The reason is so that the preview post will work, and text in the text form box will be in clear text.

How to teach yourself.

I purposely have not commented the code. Most code in the wild is not commented or very sparse commenting. When you read a book every line is not commented.
If stuck run the code through a debugger see what is happening.

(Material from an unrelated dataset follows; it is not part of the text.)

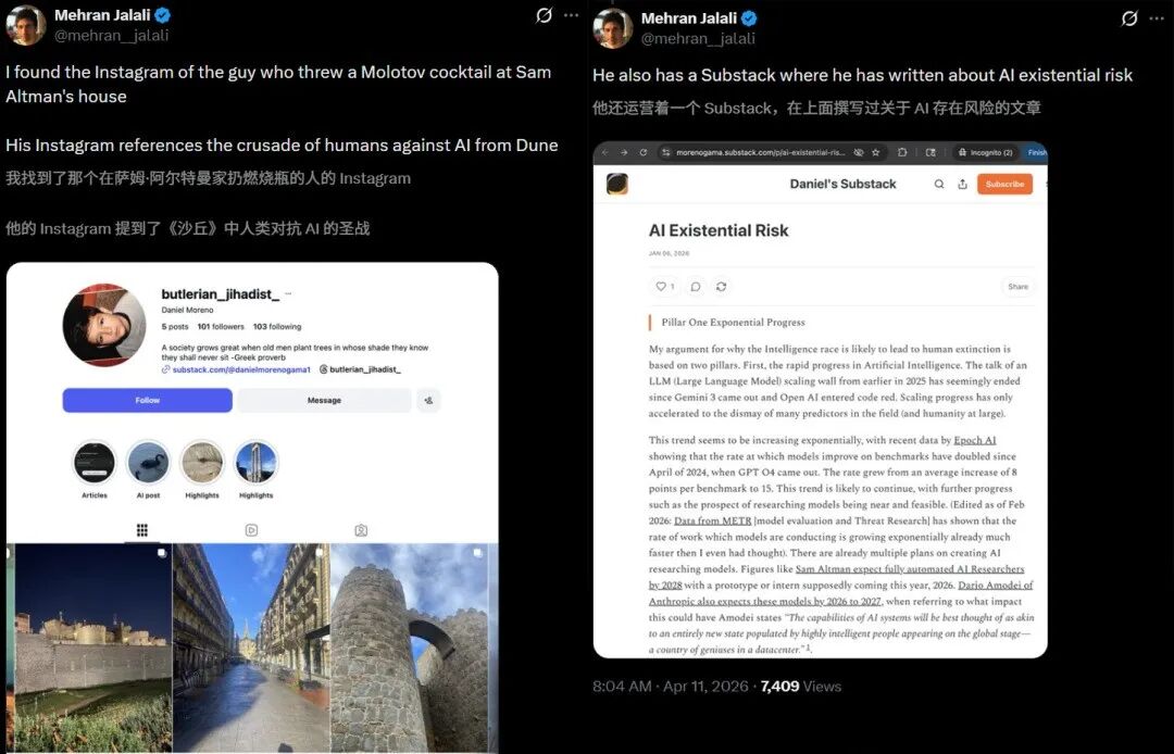 目前,扔燃烧瓶的嫌疑人被发现曾在Ins中提到《沙丘》中人类对抗AI的圣战。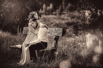 есть ощущение, что пара приклеена в фотошопе, автор старался отделить людей от фона и немного перестарался..текстуру стоит наложить и на них, и по цвету тоже они отличаются..

One of the powers of python is its "shell".
Any code object can be inspected at runtime.
example I want to know what methods are available for urllib2 module
http://www.python.org/doc/lib/urllib2-examples.html

open a python shell and do this

 >>> import urllib2
 >>> f = urllib2.urlopen('http://www.python.org/')
 >>> dir(f)
 ['__doc__', '__init__', '__iter__', '__module__', '__repr__', 'close', 'code', 'fileno', 'fp', 'geturl', 'headers', 'info',
  'msg', 'next', 'read', 'readline', 'readlines', 'url']
WOW it shows you all the methods and vars ;)
 >>> f.headers.dict
 {'content-length': '11885', 'accept-ranges': 'bytes', 
 'server': 'Apache/2.0.54 (Debian GNU/Linux) DAV/2 SVN/1.1.4 mod_python/3.1.3 Python/2.3.5 mod_ssl/2.0.54 OpenSSL/0.9.7e',
  'last-modified': 'Sun, 19 Feb 2006 15:12:41 GMT', 'connection': 'close', 
 'etag': '"601f6-2e6d-3599cc40"', 'date': 'Sat, 25 Feb 2006 10:50:54 GMT', 'content-type': 'text/html'}
What the headers that are contained

Anyway you should get the idea :)

Conclusion

The winky proxy (name patent pending :P) is an intresting but useless tool :).
One of the limitations of the urllib2 the way I am using it is that the pages will not be sent to the client as the page loads.
Also the proxy does not work on gmail, I suspect all ajax pages maybe you need to implement CONNECT protocol.
Also if you are going to parse html/xhtml do not use your own homemade parser but one like a SAX or DOM parser. (go look in python docs). Another think is also not all the HTTP Protos are handled, and the errors are not handled very elegantly either
Anyway not too shabby for 160 lines of code;) br>

Winky's presentation

An example of it in action is
http://fravia.2113.ch/phplab/mbs.php3/mb003?num=1140855607&thread=1140751397

What you see when proxy is in place

Re: Re: Re: Re: Re: Re: go (25/02/06 09:20:07)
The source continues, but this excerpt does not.